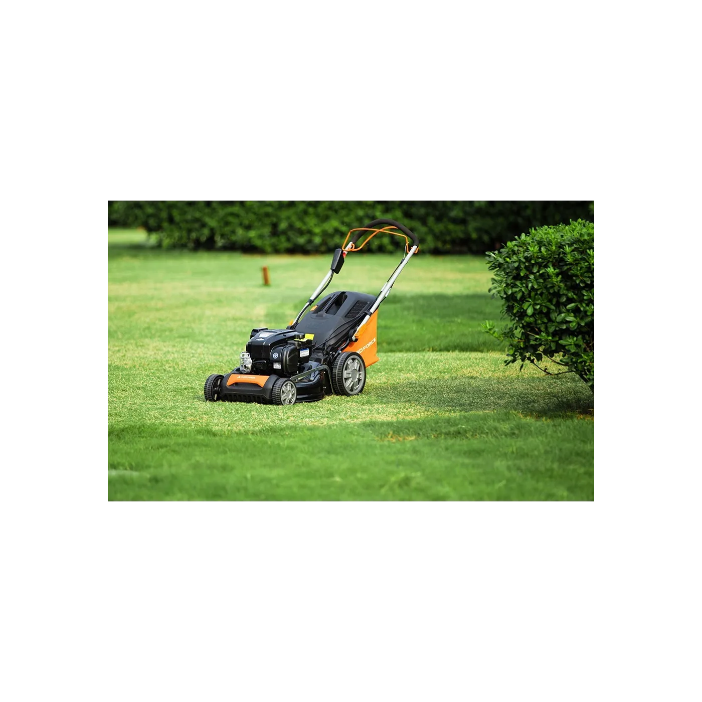 Yard Force GM B46CK to solidna maszyna, wyposażona w mocny silnik Briggs & Stratton 450E o pojemności 125 cm3, który posiada komfortowy i szybki starter Prime 'n Pull™ EZ. Kosiarka oferuje 7 regulowanych wysokości cięcia, co pozwala dostosować długość trawy od 25 mm do 75 mm, zapewniając idealne cięcie przez cały sezon koszenia.
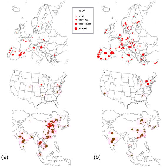 Highest levels of fluoroquinolones detected in surface waters (a) and WWTP effluents (b) of Europe, the USA, and Asia. The red spot size indicates the concentration range (see inset). Data are obtained from [24,25,33,40,41,42,46,48,49,50,51,52,53,54,55,56,57,58,59,60,61,62,63,64,65,66,67,68,69,70,71,72,73,74,75,76,77,78,79,80,81,82,83,84,85,86,87,88,89,90,91,92,93,94,95,96,97,98,99,100,101,102,103,104,105,106,107,108,109,110,111,112,113,114,115,116,117,118,119,120,121,122,123,124,125,126,127,128,129,130,131,132,133,134,135,136,137,138,139,140,141,142,143,144,145,146,147,148,149,150,151,152,153,154,155,156,157,158,159,160,161,162,163,164,165,166,167,168,169,170,171,172,173,174,175,176,177,178,179,180,181,182,183,184,185,186,187,188,189,190,191,192,193,194,195,196,197,198,199,200,201,202,203,204,205,206,207,208,209,210,211,212,213,214,215,216,217,218].
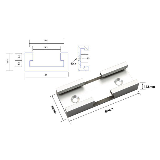 T Track Guia Macho (T) De Aluminio300mm de largo Con roscas M6 Y M8
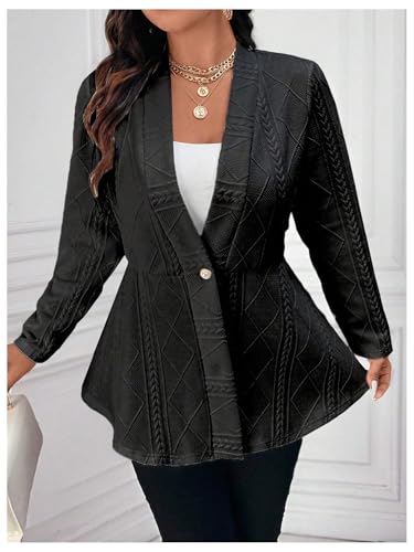 • Feature: Plus Size, Button Front, Ruffle Hem, Slim Fit, Textured, Blazer for Women
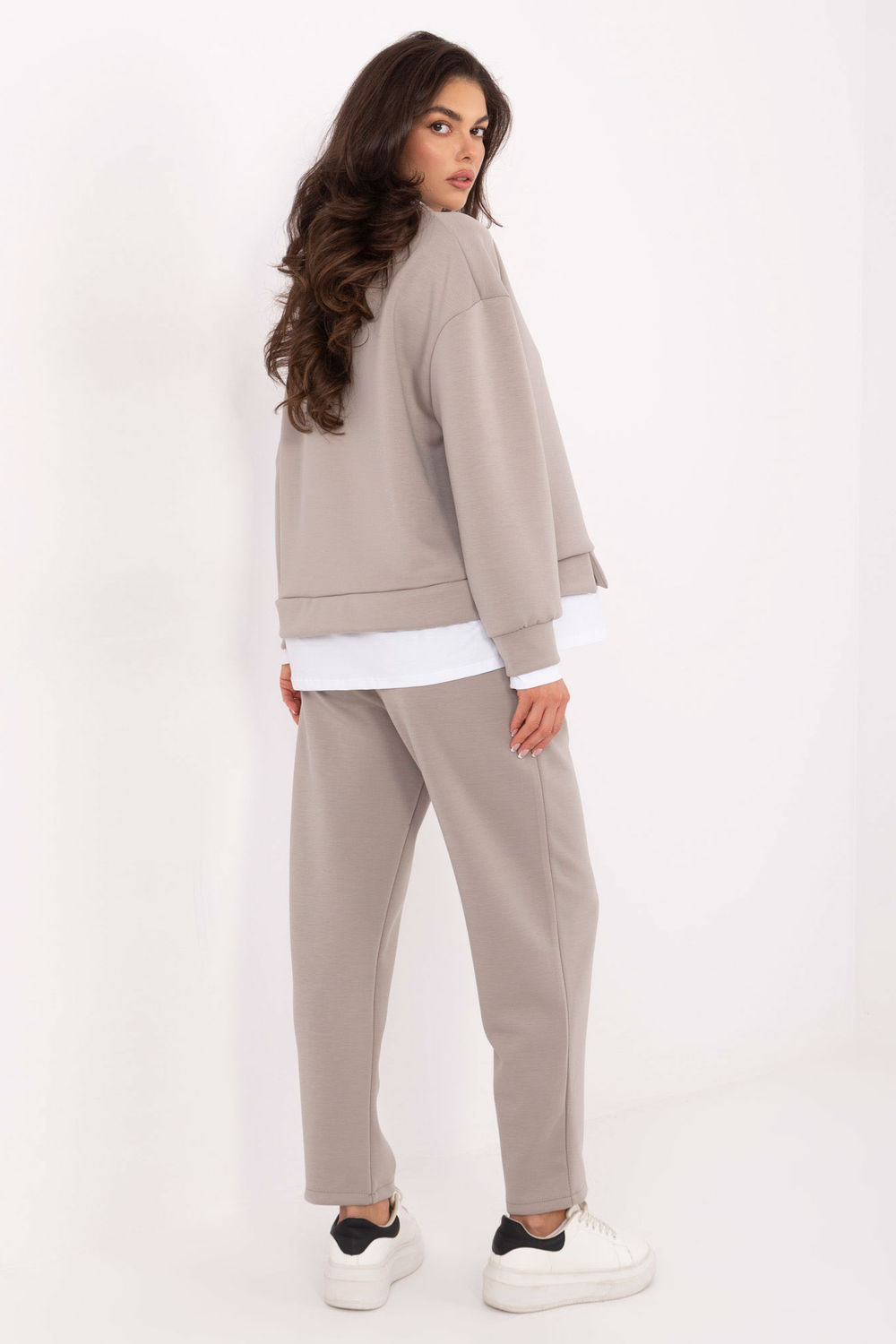 Women’s casual set made of soft, delicate and exceptionally pleasant to the touch buttery material. The set consists of a sweatshirt with a round neckline and high-waisted trousers, creating a comfortable and stylish everyday look. The sweatshirt has long sleeves, neckline and bottom lined with contrasting fabric and a subtle patch. The trousers with straight legs are equipped with a high waist with a tie and side pockets, providing comfort and a modern cut. The smooth pattern and the combination of viscose with elastane guarantee softness, flexibility and freedom of movement. This set is perfect for everyday outings, combining comfort, elegance and casual style.
.....
— REQUIRED WORK —
Restate word for word every line from the top of the entries above to the line with "T Track Guia", inclusive, and skip any pictures.

— ANSWER AREA —
 Yard Force GM B46CK to solidna maszyna, wyposażona w mocny silnik Briggs & Stratton 450E o pojemności 125 cm3, który posiada komfortowy i szybki starter Prime 'n Pull™ EZ. Kosiarka oferuje 7 regulowanych wysokości cięcia, co pozwala dostosować długość trawy od 25 mm do 75 mm, zapewniając idealne cięcie przez cały sezon koszenia.
 Highest levels of fluoroquinolones detected in surface waters (a) and WWTP effluents (b) of Europe, the USA, and Asia. The red spot size indicates the concentration range (see inset). Data are obtained from [24,25,33,40,41,42,46,48,49,50,51,52,53,54,55,56,57,58,59,60,61,62,63,64,65,66,67,68,69,70,71,72,73,74,75,76,77,78,79,80,81,82,83,84,85,86,87,88,89,90,91,92,93,94,95,96,97,98,99,100,101,102,103,104,105,106,107,108,109,110,111,112,113,114,115,116,117,118,119,120,121,122,123,124,125,126,127,128,129,130,131,132,133,134,135,136,137,138,139,140,141,142,143,144,145,146,147,148,149,150,151,152,153,154,155,156,157,158,159,160,161,162,163,164,165,166,167,168,169,170,171,172,173,174,175,176,177,178,179,180,181,182,183,184,185,186,187,188,189,190,191,192,193,194,195,196,197,198,199,200,201,202,203,204,205,206,207,208,209,210,211,212,213,214,215,216,217,218].
 T Track Guia Macho (T) De Aluminio300mm de largo Con roscas M6 Y M8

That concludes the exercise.